Шрифт:
Интервал:
Закладка:
Он поднялся со стула и шаркнул ногою.
– За согласие благодарен!
– Куда же ты? – спросила матушка. – Посиди; я велю закуску подать.
– Много довольны, – отвечал Харлов. – Но не могу... Ох! нужно домой.
Он попятился и полез было, по своему обыкновению, боком в дверь.
– Постой, постой, – продолжала матушка, – неужто ты все свое именье без остатку дочерям предоставляешь?
– Вестимо, без остатку.
– Ну, а ты сам... где будешь жить?
Харлов даже руками замахал.
– Как где? У себя в доме, как жил доселючи... так и впредь. Какая же может быть перемена?
– И ты в дочерях своих и в зяте так уверен?
– Это вы про Володьку-то говорить изволите? Про тряпку про эту? Да я его куда хочу пихну, и туда, и сюда... Какая его власть? А они меня, дочери то есть, по гроб кормить, поить, одевать, обувать... Помилуйте! первая их обязанность! Я ж им недолго глаза мозолить буду. Не за горами смерть-то – за плечами.
– В смерти господь бог волен, – заметила матушка, – а обязанность это их, точно. Только ты меня извини, Мартын Петрович; старшая у тебя, Анна, гордячка известная, ну, да и вторая волком смотрит...
– Наталья Николаевна! – перебил Харлов, – что вы это?.. Да чтоб они... Мои дочери... Да чтоб я... Из повиновенья-то выйти? Да им и во сне... Противиться? Кому? Родителю?.. Сметь? А проклясть-то их разве долго? В трепете да в покорности век свой прожили – и вдруг... господи!
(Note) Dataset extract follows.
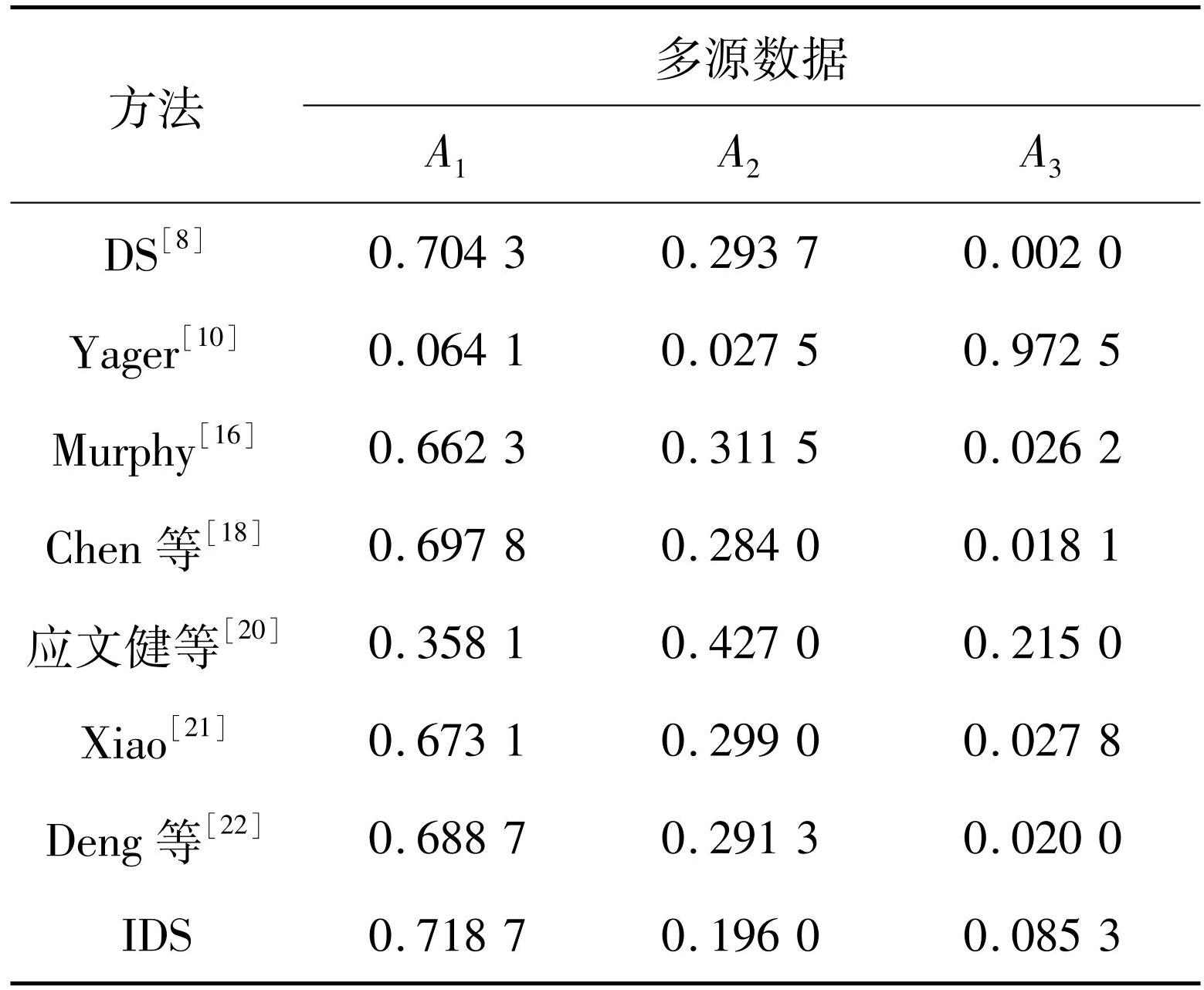 在完全冲突悖论中,已知冲突系数k=1,此时Dempster组合规则失效。由表2和图2可知,Yager[10]将BPA完全赋予了识别框架Θ,m(Θ)=1,证据融合后反而增加了命题的不确定性,无法正确识别目标命题A。其余方法均能正确识别目标命题A,其中,Murphy[16]和应文健等[20]的识别精度略低,分别为m(A)=0.837 5和m(A)=0.955 4,Chen等[18]、Xiao[21]、Deng等[22]和IDS的识别精度较高,均为m(A)=0.998 6。

Харлов раскашлялся, захрипел.
– Ну, хорошо, хорошо, – поспешила успокоить его матушка, – только я все-таки не понимаю, зачем ты теперь делить их вздумал? Все равно после тебя им же достанется. Всему этому, я полагаю, твоя меланхолия причиной.
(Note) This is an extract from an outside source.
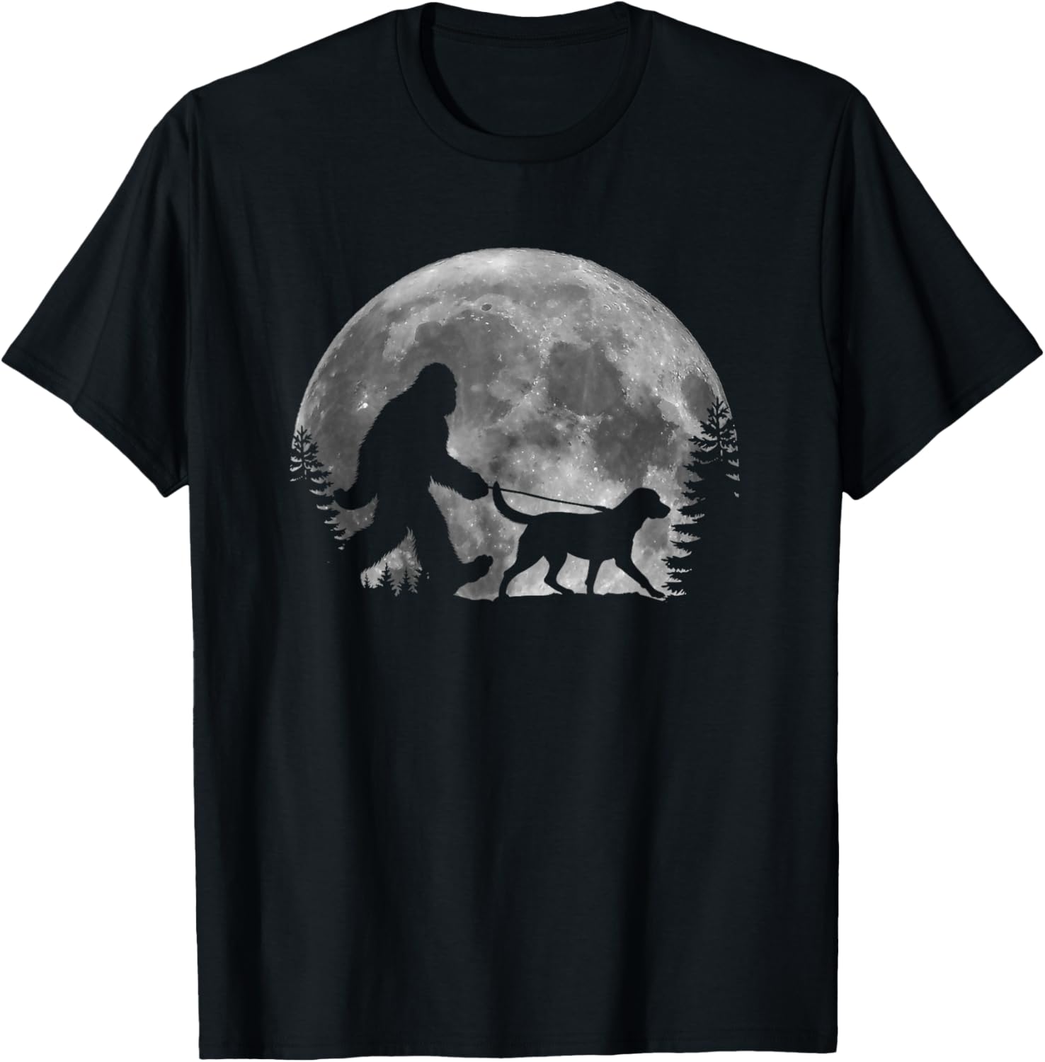 Bigfoot Walking a Dog Labrador Retriever Dad Moon Halloween T-Shirt

– Э, матушка! – не без досады возразил Харлов, – зарядили вы свою меланхолию! Тут, быть может, свыше сила действует, а вы: меланхолия! Потому, сударыня, вздумал я сие, что я самолично, еще «жимши», при себе хочу решить, кому чем владеть, и кого я чем награжу, тот тем и владей, и благодарность чувствуй, и исполняй, и на чем отец и благодетель положил, то за великую милость...
Голос Харлова опять перервался.
– Ну полно же, полно, отец мой, – перебила его матушка, – а то и впрямь вороной жеребенок появится.
– Ох, Наталья Николаевна, не говорите мне о нем! – простонал Харлов. – Это смерть моя за мной приходила. Прощенья просим. А вас, сударик мой, к послезавтрашнему дню ожидать буду честь иметь!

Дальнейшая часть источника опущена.